#### [Material provided]
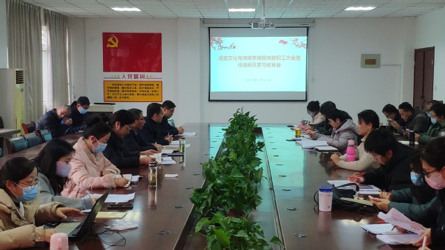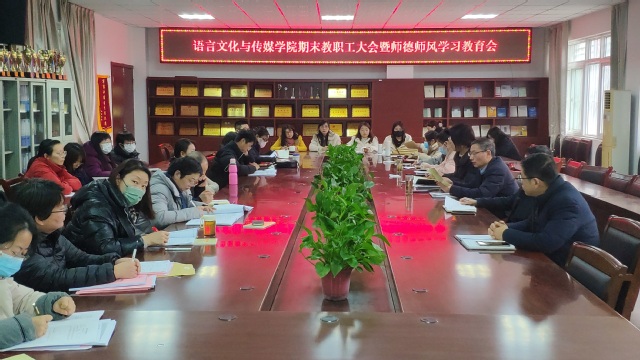 1月14日下午,語言文化與傳媒學院在五棟二樓會議室舉行了全體教師大會暨師德師風集中學習教育會,學院領(lǐng)導班子成員及全體教職工參加會議。
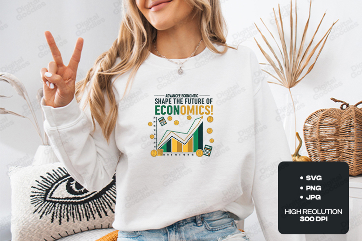 This high-quality digital illustration features a dynamic growth chart accented with gold coins and digital calculators, symbolizing the power of financial literacy and advanced economic study. Paired with bold, modern typography and a vibrant green-and-gold color palette, this design captures the energy of a thriving global economy. It is an ideal choice for economics professors, finance students, and business professionals looking to create personalized apparel, office decor, and engaging academic materials.
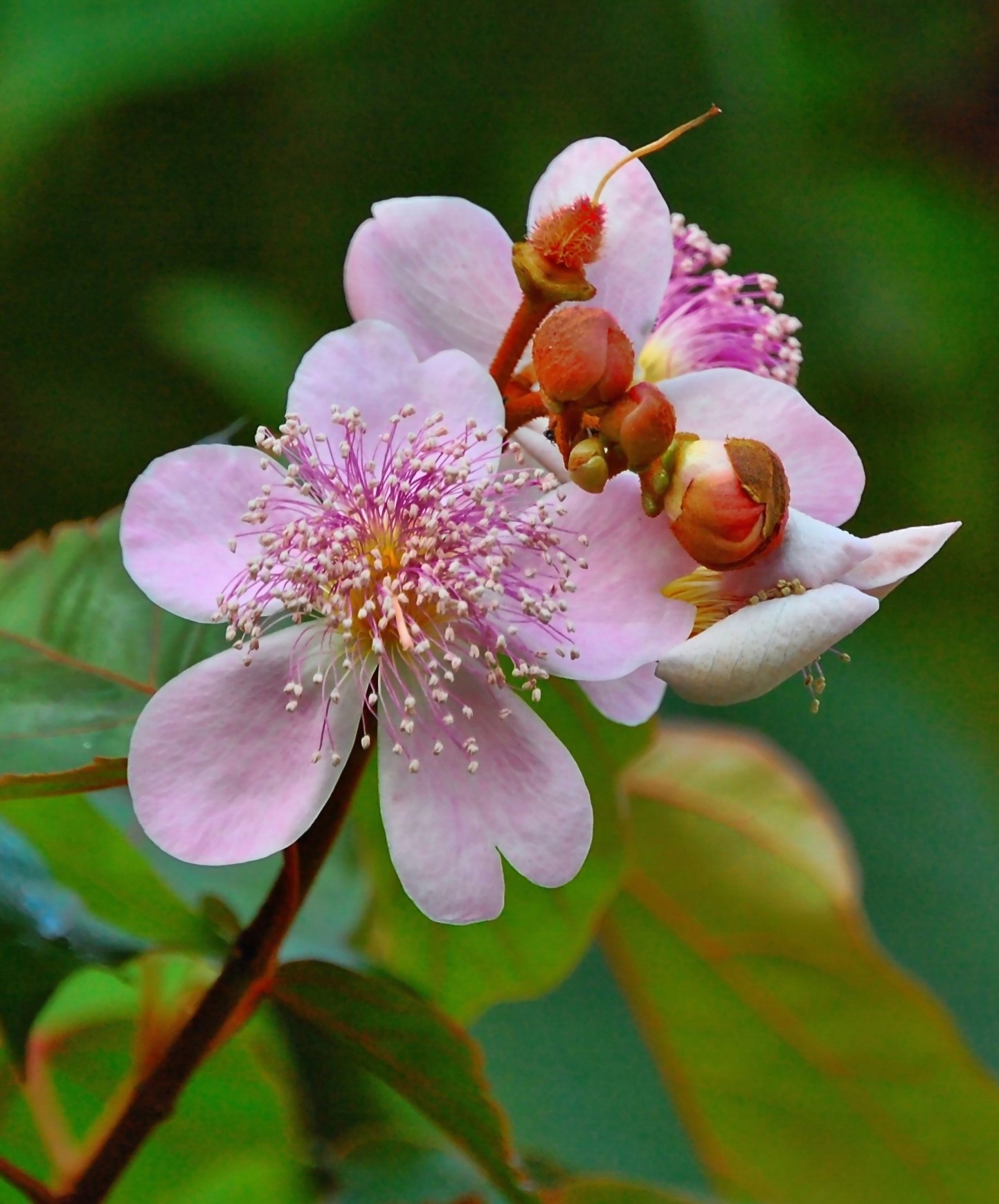 имеет кластеры больших до 5 см, яркие, белые или розовые красивые ароматные цветы. Эти цветы напоминают отдельные дикие розы и появляются на концах ветвей. Фрукты-это капсулы, расположенные в группе красных коричневых стручков, покрытых мягкими шипами. Каждая капсула или стручка содержит от 30 до 45 конических семян, покрытых тонким воском, кровопролитированной покровом. Полностью зрелый стручок высыхает, затвердевает и вырывает, тем самым раскрывая семена.

#### [Try it]
Give exactly those lines of the listing that run from its first line through the line with "This high-quality digital", leaving each picture out.

#### [Written answer]
 1月14日下午,語言文化與傳媒學院在五棟二樓會議室舉行了全體教師大會暨師德師風集中學習教育會,學院領(lǐng)導班子成員及全體教職工參加會議。
 This high-quality digital illustration features a dynamic growth chart accented with gold coins and digital calculators, symbolizing the power of financial literacy and advanced economic study. Paired with bold, modern typography and a vibrant green-and-gold color palette, this design captures the energy of a thriving global economy. It is an ideal choice for economics professors, finance students, and business professionals looking to create personalized apparel, office decor, and engaging academic materials.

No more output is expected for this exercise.